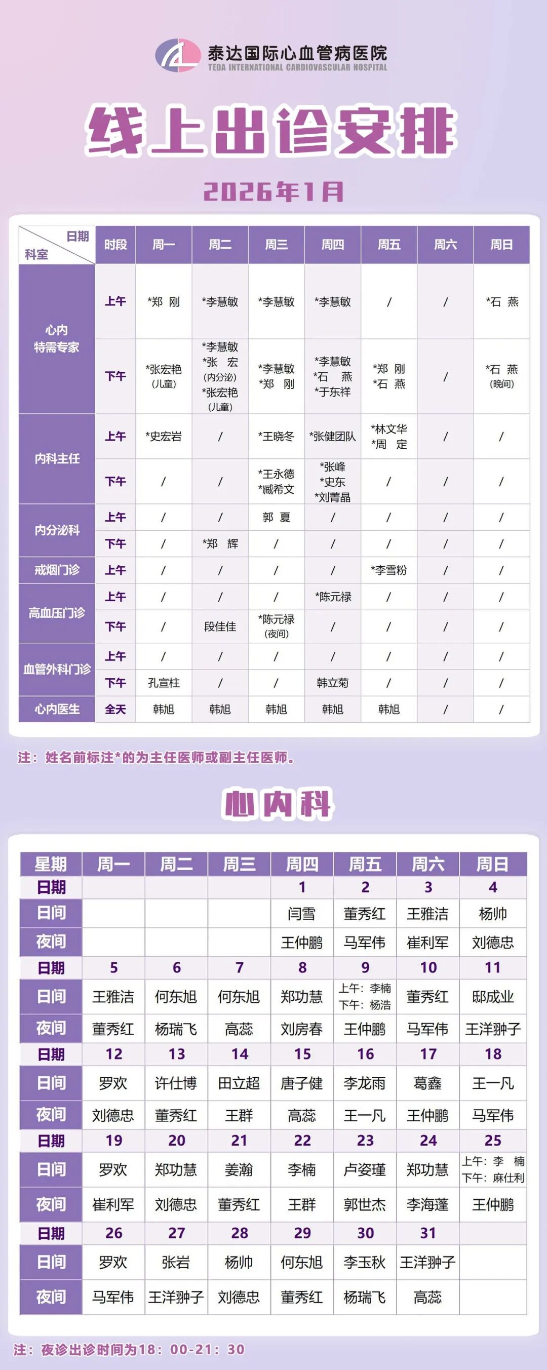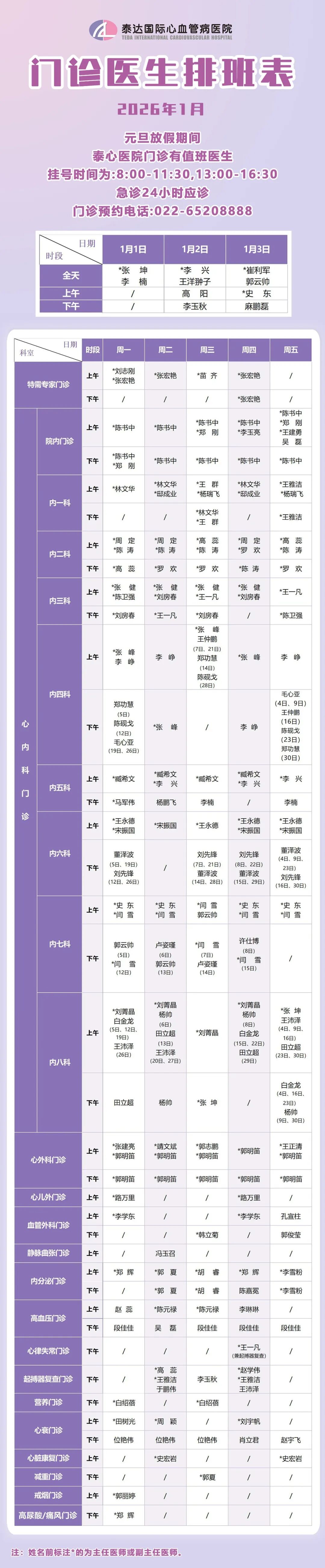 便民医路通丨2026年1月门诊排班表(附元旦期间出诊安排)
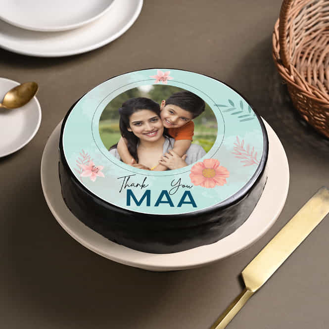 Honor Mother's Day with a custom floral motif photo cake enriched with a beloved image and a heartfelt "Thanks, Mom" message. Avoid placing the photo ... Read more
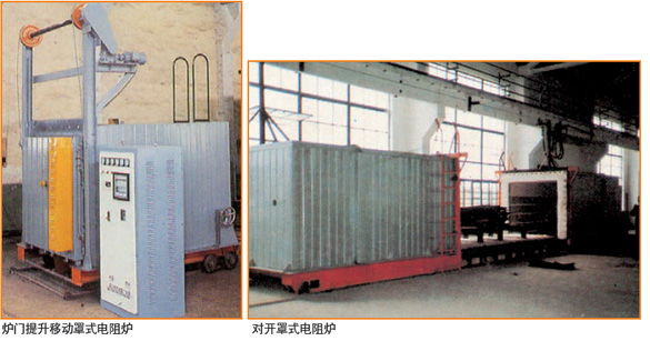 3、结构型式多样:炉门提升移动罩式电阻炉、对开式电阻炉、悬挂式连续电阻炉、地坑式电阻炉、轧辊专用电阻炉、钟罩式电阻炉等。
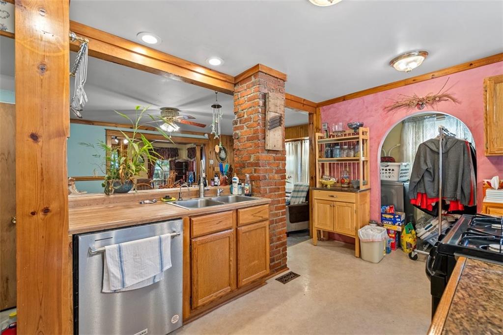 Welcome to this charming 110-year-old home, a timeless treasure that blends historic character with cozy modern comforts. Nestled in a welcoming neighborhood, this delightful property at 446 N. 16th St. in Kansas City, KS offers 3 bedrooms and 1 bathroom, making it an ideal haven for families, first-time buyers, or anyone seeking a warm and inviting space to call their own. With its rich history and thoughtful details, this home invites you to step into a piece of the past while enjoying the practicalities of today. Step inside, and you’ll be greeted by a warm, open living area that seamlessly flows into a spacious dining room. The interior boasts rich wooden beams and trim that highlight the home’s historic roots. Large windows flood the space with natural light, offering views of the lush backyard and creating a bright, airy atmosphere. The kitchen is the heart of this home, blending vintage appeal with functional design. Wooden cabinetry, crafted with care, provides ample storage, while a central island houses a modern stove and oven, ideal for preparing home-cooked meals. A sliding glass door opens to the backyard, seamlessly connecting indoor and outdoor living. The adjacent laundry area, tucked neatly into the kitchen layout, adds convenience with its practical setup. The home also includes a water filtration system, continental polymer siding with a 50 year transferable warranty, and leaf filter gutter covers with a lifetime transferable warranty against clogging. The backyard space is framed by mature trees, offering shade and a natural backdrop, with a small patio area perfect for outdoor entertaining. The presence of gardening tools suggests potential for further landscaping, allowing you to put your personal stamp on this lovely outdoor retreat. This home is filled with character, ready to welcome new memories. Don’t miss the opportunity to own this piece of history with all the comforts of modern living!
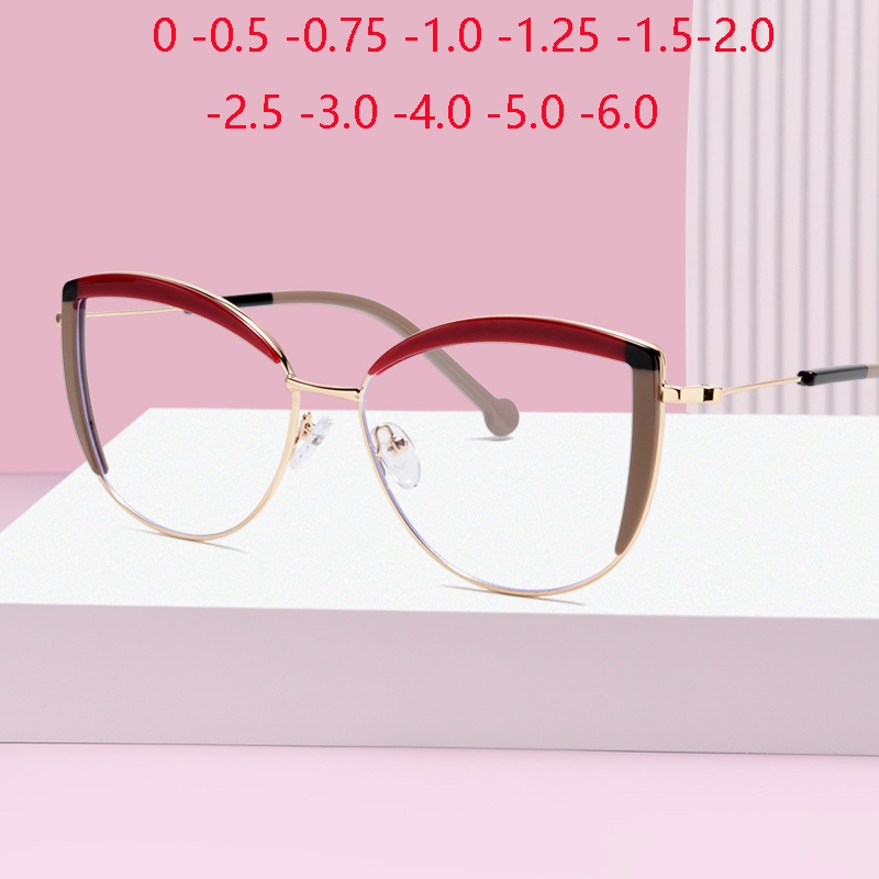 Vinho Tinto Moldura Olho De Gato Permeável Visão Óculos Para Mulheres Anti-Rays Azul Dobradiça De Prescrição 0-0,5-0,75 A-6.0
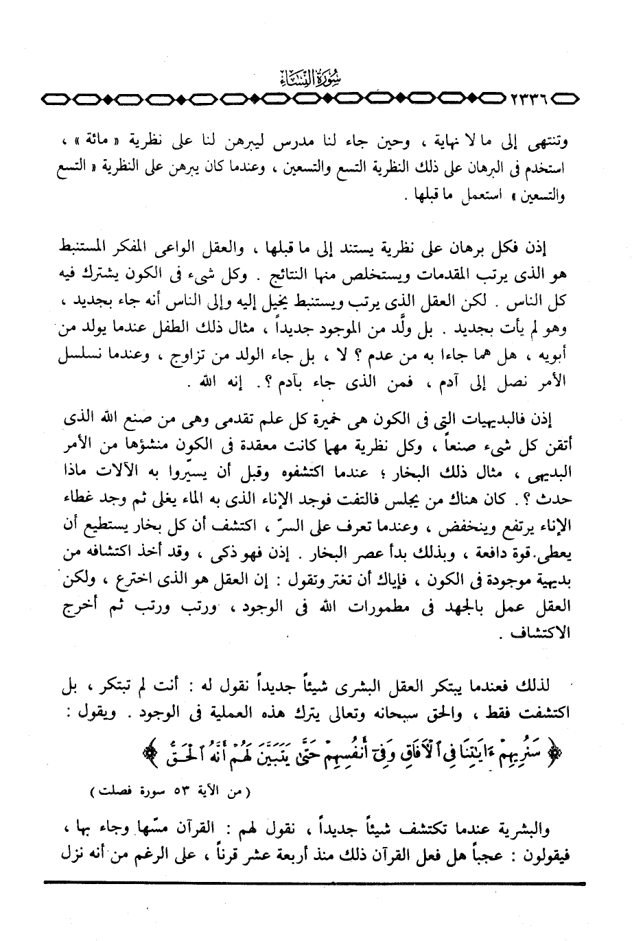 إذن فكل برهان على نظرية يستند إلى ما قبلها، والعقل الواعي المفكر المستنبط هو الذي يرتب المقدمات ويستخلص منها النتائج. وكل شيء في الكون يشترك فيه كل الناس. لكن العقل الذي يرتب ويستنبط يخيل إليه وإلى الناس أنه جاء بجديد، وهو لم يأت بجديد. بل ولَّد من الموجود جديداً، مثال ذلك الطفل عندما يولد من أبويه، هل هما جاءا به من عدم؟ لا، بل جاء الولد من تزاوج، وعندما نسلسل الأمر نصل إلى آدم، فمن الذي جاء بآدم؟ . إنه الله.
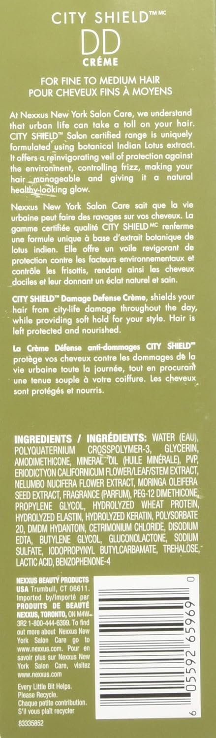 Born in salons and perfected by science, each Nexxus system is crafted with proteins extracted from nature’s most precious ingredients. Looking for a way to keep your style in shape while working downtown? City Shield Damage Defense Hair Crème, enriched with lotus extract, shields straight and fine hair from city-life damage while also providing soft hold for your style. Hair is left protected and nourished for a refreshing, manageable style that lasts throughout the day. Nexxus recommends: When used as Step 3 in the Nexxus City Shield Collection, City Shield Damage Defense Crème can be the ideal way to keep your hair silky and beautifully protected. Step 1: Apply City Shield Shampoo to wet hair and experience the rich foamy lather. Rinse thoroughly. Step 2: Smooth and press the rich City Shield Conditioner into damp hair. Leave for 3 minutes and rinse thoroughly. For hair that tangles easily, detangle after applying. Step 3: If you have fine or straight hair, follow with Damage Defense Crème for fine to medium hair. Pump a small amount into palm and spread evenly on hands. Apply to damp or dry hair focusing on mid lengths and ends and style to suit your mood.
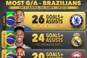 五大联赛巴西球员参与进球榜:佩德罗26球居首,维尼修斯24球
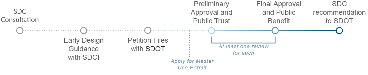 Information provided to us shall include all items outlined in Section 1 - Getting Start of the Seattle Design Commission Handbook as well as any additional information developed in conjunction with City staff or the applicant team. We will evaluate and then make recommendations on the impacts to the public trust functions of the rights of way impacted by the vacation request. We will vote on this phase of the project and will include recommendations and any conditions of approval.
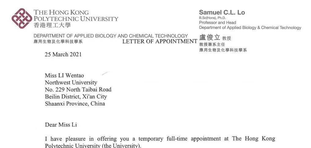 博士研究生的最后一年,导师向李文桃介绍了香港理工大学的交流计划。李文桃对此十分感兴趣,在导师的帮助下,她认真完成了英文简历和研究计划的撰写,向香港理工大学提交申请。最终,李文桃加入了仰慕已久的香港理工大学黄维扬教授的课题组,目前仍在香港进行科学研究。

-------------------------

* [REQUIRED WORK]
Without including any picture, reproduce the material above word for word.

* [ANSWER TO THIS PROBLEM]
 便民医路通丨2026年1月门诊排班表(附元旦期间出诊安排)
 Honor Mother's Day with a custom floral motif photo cake enriched with a beloved image and a heartfelt "Thanks, Mom" message. Avoid placing the photo ... Read more
 3、结构型式多样:炉门提升移动罩式电阻炉、对开式电阻炉、悬挂式连续电阻炉、地坑式电阻炉、轧辊专用电阻炉、钟罩式电阻炉等。
 Welcome to this charming 110-year-old home, a timeless treasure that blends historic character with cozy modern comforts. Nestled in a welcoming neighborhood, this delightful property at 446 N. 16th St. in Kansas City, KS offers 3 bedrooms and 1 bathroom, making it an ideal haven for families, first-time buyers, or anyone seeking a warm and inviting space to call their own. With its rich history and thoughtful details, this home invites you to step into a piece of the past while enjoying the practicalities of today. Step inside, and you’ll be greeted by a warm, open living area that seamlessly flows into a spacious dining room. The interior boasts rich wooden beams and trim that highlight the home’s historic roots. Large windows flood the space with natural light, offering views of the lush backyard and creating a bright, airy atmosphere. The kitchen is the heart of this home, blending vintage appeal with functional design. Wooden cabinetry, crafted with care, provides ample storage, while a central island houses a modern stove and oven, ideal for preparing home-cooked meals. A sliding glass door opens to the backyard, seamlessly connecting indoor and outdoor living. The adjacent laundry area, tucked neatly into the kitchen layout, adds convenience with its practical setup. The home also includes a water filtration system, continental polymer siding with a 50 year transferable warranty, and leaf filter gutter covers with a lifetime transferable warranty against clogging. The backyard space is framed by mature trees, offering shade and a natural backdrop, with a small patio area perfect for outdoor entertaining. The presence of gardening tools suggests potential for further landscaping, allowing you to put your personal stamp on this lovely outdoor retreat. This home is filled with character, ready to welcome new memories. Don’t miss the opportunity to own this piece of history with all the comforts of modern living!
 Vinho Tinto Moldura Olho De Gato Permeável Visão Óculos Para Mulheres Anti-Rays Azul Dobradiça De Prescrição 0-0,5-0,75 A-6.0
 إذن فكل برهان على نظرية يستند إلى ما قبلها، والعقل الواعي المفكر المستنبط هو الذي يرتب المقدمات ويستخلص منها النتائج. وكل شيء في الكون يشترك فيه كل الناس. لكن العقل الذي يرتب ويستنبط يخيل إليه وإلى الناس أنه جاء بجديد، وهو لم يأت بجديد. بل ولَّد من الموجود جديداً، مثال ذلك الطفل عندما يولد من أبويه، هل هما جاءا به من عدم؟ لا، بل جاء الولد من تزاوج، وعندما نسلسل الأمر نصل إلى آدم، فمن الذي جاء بآدم؟ . إنه الله.
 Born in salons and perfected by science, each Nexxus system is crafted with proteins extracted from nature’s most precious ingredients. Looking for a way to keep your style in shape while working downtown? City Shield Damage Defense Hair Crème, enriched with lotus extract, shields straight and fine hair from city-life damage while also providing soft hold for your style. Hair is left protected and nourished for a refreshing, manageable style that lasts throughout the day. Nexxus recommends: When used as Step 3 in the Nexxus City Shield Collection, City Shield Damage Defense Crème can be the ideal way to keep your hair silky and beautifully protected. Step 1: Apply City Shield Shampoo to wet hair and experience the rich foamy lather. Rinse thoroughly. Step 2: Smooth and press the rich City Shield Conditioner into damp hair. Leave for 3 minutes and rinse thoroughly. For hair that tangles easily, detangle after applying. Step 3: If you have fine or straight hair, follow with Damage Defense Crème for fine to medium hair. Pump a small amount into palm and spread evenly on hands. Apply to damp or dry hair focusing on mid lengths and ends and style to suit your mood.
 五大联赛巴西球员参与进球榜:佩德罗26球居首,维尼修斯24球
 Information provided to us shall include all items outlined in Section 1 - Getting Start of the Seattle Design Commission Handbook as well as any additional information developed in conjunction with City staff or the applicant team. We will evaluate and then make recommendations on the impacts to the public trust functions of the rights of way impacted by the vacation request. We will vote on this phase of the project and will include recommendations and any conditions of approval.
 博士研究生的最后一年,导师向李文桃介绍了香港理工大学的交流计划。李文桃对此十分感兴趣,在导师的帮助下,她认真完成了英文简历和研究计划的撰写,向香港理工大学提交申请。最终,李文桃加入了仰慕已久的香港理工大学黄维扬教授的课题组,目前仍在香港进行科学研究。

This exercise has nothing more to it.